At the heart of the film, two Cypriot mobsters sit in a bar, following a ‘cleaning’ job for a contact of theirs who just murdered someone. They participate in a meandering examination of senseless violence, human culture, and natural disasters – and it is clear that Papakyriakou has clearly taken more than a little inspiration from the work of Quentin Tarantino for his idiosyncratic script.
As we have seen on Indy Film Library before, that is a deceptively hard thing to pull off, and to a certain extent, he has done so. To his credit – not to mention Stelios Andronikou and Andreas Papamichalopoullos who had the hard job of selling the dialogue – his characters deliver reams of speech containing an intricate web of cultural, political and historical references without actually saying anything. Despite this, they manage to keep you hanging on just about every word, wondering exactly where this is all going.

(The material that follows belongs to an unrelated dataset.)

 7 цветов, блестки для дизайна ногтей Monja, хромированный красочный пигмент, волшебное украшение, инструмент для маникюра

Having zipped through talking points including actor-turned-politician Melina Mercouri’s attempts to have the Parthenon Marbles returned to Athens from London, musician Haris Alexiou – who notably performed several times in front of the Acropolis – and an unspecified war taking place “80 kilometres away” (though Syria is 455 kilometres away from Cyprus, so it can’t be that), we settle on the theme of ‘cataclysms’ for the film’s final third. Specifically, we hear ‘12,800’ bandied about – with Andronikou’s character mentioning that most religions have some kind of scripture relating to a great catastrophe from 12,800 years ago, before muttering that “the comets are falling.”

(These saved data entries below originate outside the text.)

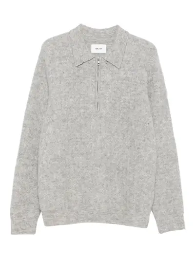 grey polo neck half zip fastening long sleeves ribbed cuffs and hem
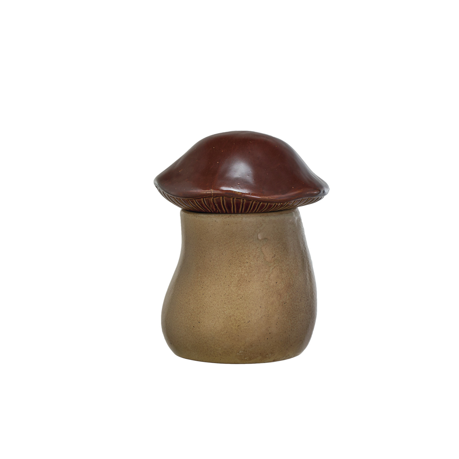 Catalog Name: 5-3/4" Round x 7"H Stoneware Mushroom Canister, Reactive Glaze, Brown & Tan Color (Each One Will Vary)
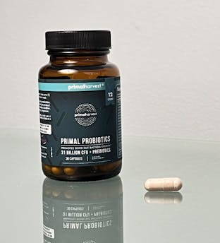 Primal Probiotics are formulated with 31 billion CUFs from 12 dynamic probiotic strains, including L. acidophilus, L. rhamnosus, L. casei, B. longum, B. bifidum, and Bacillus coagulans. It combines these with Red Raspberry Seed and FOS (Fructo-Oligosaccaride) prebiotics that help good gut bacteria to thrive.
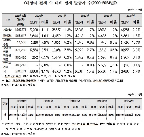 한부모가족의 경우 발급률이 0.1%에 그쳐 이 정책의 사각지대가 크게 존재했다.
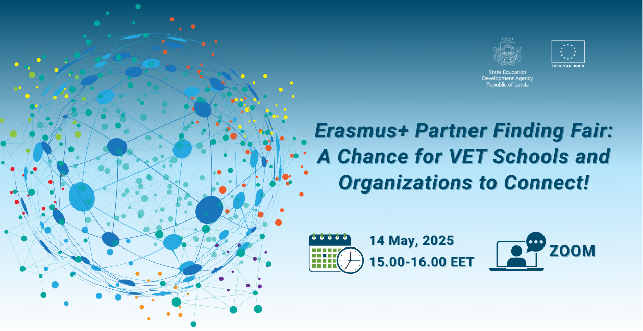 On behalf of the VET LV Team and the Latvian National Agency for the Erasmus+ Programme in the Education and Training sector (VIAA), we invite Vocational Education and Training (VET) schools and institutions to participate in the Erasmus+ Partner Finding Fair. This virtual networking event is designed to support partnership building and project development within the Erasmus+ programme. The event will take place on 14 May 2025 from 15:00 to 16:00 (EET) on the Zoom platform.
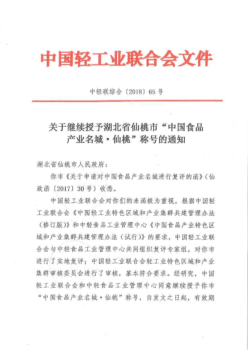 关于继续授予湖北省仙桃市“中国食品产业名城•仙桃”称号的通知

According to the Clovis comet hypothesis, 12,800 years ago, fragments of a disintegrating asteroid struck North America, South America, Europe, and Western Asia. It is thought by some scientists that this impact event brought about the extinction of many species of North American Pleistocene mega-fauna. With the planet apparently undergoing a sixth mass extinction, the chaos and destruction which this sudden change wrought on the world of our ancient ancestors seems extremely pertinent. What lets the film down, however, is that we don’t get any form of narrative cataclysm to punctuate this story.
For all the talk of impending disasters, references to lost cultures and ruminations on the continuing violence many people face across the planet, there is no effort in Papakyriakou’s script to build the conversation to a crescendo. If you are going to commit to slow-burning dialogue-driven scenes, you need to take it somewhere. Largely, what marks Tarantino out as a filmmaker is his understanding of this balance – not rushing dialogue to get to the next action scene, but not overstaying his welcome either. Above all, this means appreciating that without that punchline, that element of payoff at the end of the scene, all the charming nothing-conversations in the world will not keep the audience from feeling strung-along.
Frustratingly, there are elements present in this film which could have provided this much-needed explosion. Constantinos Alkiviadis, who never appears on-screen with the ‘cleaners’, has all the bubbling inner-rage of Robert Carlyle’s Begbie in Trainspotting. There is a twitching irritability and terrifying irrationality to the sudden bursts of violence his character Sailor is apparently prone to – with a flashback showing him gunning down a pizza delivery courier for his lack of respect for Elvis Presley.
Seeing what could have been a tense and provocative scene, complete with its underused character, mishandled in this way is a crying shame. By shifting this act of violence to the end of the film – or changing Sailor’s relationship to a more direct one with the ‘cleaners’, gradually rising tension toward a sudden shock of brutality at the movie’s climax – this film could have been ten times more impactful than it is. As it stands, the idle banter surrounding the end of the world seems aimless, and careless, leaving you wondering if there was any point in watching along. More of a damp squib than a cataclysm, then.
There are raw materials on display in 12,800 which bode well for the futures of all those involved in this film. They just need to work on refining that potential into a cohesive story, with the suitable punch to tie it together with.